She was quiet for a second. Then: “Come on, then. But you’re not bringing your mess into my home, Mega. I just moved here.”
“I won’t. I just need a couch and some time.”
“Fine, I’ll text you my address.”
I hung up, started the engine, and pulled out of the prison parking lot heading south. Toward the one person who would take me in without hesitation because that was what family did, even when family was a liability.
My cousin Camille always did have a soft spot for lost causes.
16
Mekhi
“Don’t let him kill me,” Janelle whispered.
She was laid up on a pullout bed in a spot I kept in Hyattsville that nobody knew about. Not Quest, not Zephyr, not my mama before she passed. I bought it cash six years ago through an LLC that wasn’t in my name for exactly this type of situation. The kind where you need to put somebody somewhere and have the world forget they exist for a while.
Janelle’s head was wrapped in white gauze and the bruise on the side of her face had turned a sick yellow-green. Eleven stitches in the back of her skull, a concussion that had her throwing up every few hours, and eyes that looked like a woman who had finally realized she’d gone too far but couldn’t figure out how to get back.
“I’m not gonna let him kill you, Nelle. But what the fuck were you thinking?”
“I just wanted him back.”
“Wanted him back.” I repeated it because hearing it out loud was the only way to process how insane it sounded. “You kidnapped his girl. Chained her to a ceiling. Left her hanging in a warehouse with a man who couldn’t even wipe his own ass. Andyou thought that was gonna get Quest back? In what universe does that work, Janelle?”

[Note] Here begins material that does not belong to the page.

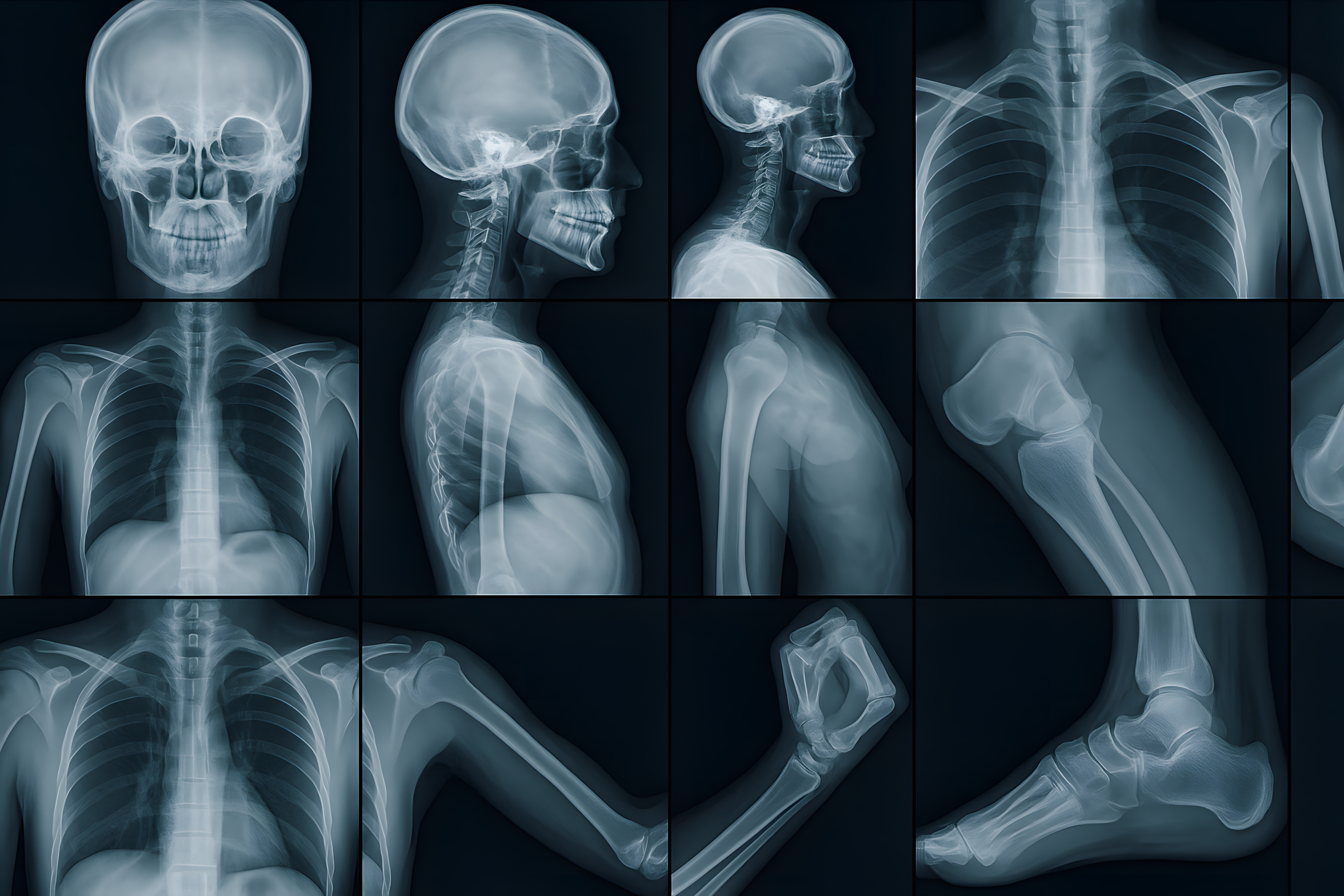 Diese detaillierten Röntgenaufnahmen zeigen verschiedene Perspektiven des menschlichen Körpers. Die monochrome Schwarz-Weiß-Darstellung gibt einen umfassenden Überblick über das Skelett, die Wirbelsäule, den Schädel, den Thorax und die Extremitäten. Die Aufnahmen eignen sich hervorragend für den Einsatz in medizinischen Lehrmaterialien, Artikeln zur Gesundheit und Anatomie sowie für visuelle Präsentationen in Wissenschaft und Forschung. Als kostenloses Stockfoto in hoher Auflösung unter Creative-Commons-Lizenz können die Bilder vielfältig genutzt werden - beispielsweise in Blogs, Newslettern oder sozialen Medien.

“I wasn’t thinking clearly.”
“Nah, you was thinking real clearly. You planned this for months. You followed that girl, found her storage unit, extracted Thad, rented a warehouse. That ain’t impulsive. That’s calculated. So don’t sit here and tell me you wasn’t thinking clearly because you was thinking clearer than you been thinking in years. You just wasn’t thinking smart.”
She looked away from me and I could see her jaw working, grinding on something she wanted to say but kept pulling back. I knew my sister. I’d known her my whole life. I could tell when she was holding something back because her left eye would twitch and she’d start picking at her cuticles. Both things were happening right now.
“What ain’t you telling me?” I asked.
“Nothing.”
“Janelle.”
“It’s nothing, Mekhi. I just… I made mistakes. With Quest, with Quindon, with all of it. And I thought if I could just remove her from the equation, maybe he’d remember what we had.”
“What y’all had died when Quindon died. You know that.”
Something flickered across her face when I said Quindon’s name. Quick, almost invisible, but I caught it because I’d been reading my sister’s face since she was in diapers. It wasn’t grief. It was guilt. And the guilt looked different from the guilt I’d seen before, heavier, older, like it had layers I hadn’t peeled back yet.
“Quest got a vasectomy because of what you did,” I said. “You understand that? That man loved that boy so much that when he found out Quindon wasn’t his, he decided he was never having kids again. You took that from him. And now you took his girl too. How many times are you gonna blow up this man’s life before you let him be?”
“You don’t understand everything that happened.”
“Then explain it to me.”
She opened her mouth, closed it, shook her head. “Not right now. I can’t.”
I stared at her for a long time. My baby sister with the busted head and the secrets she wouldn’t let go of. I loved this woman. Loved her since the day my mama brought her home from the hospital and put her in my arms and told me it was my job to protect her. And I’d been doing it ever since, through bad boyfriends and bad decisions and a shopping addiction that put her ninety-four thousand dollars in the hole. But this was different. This wasn’t a bad decision. This was a crime. And the man she’d committed it against was the closest thing I had to a brother outside of Zephyr.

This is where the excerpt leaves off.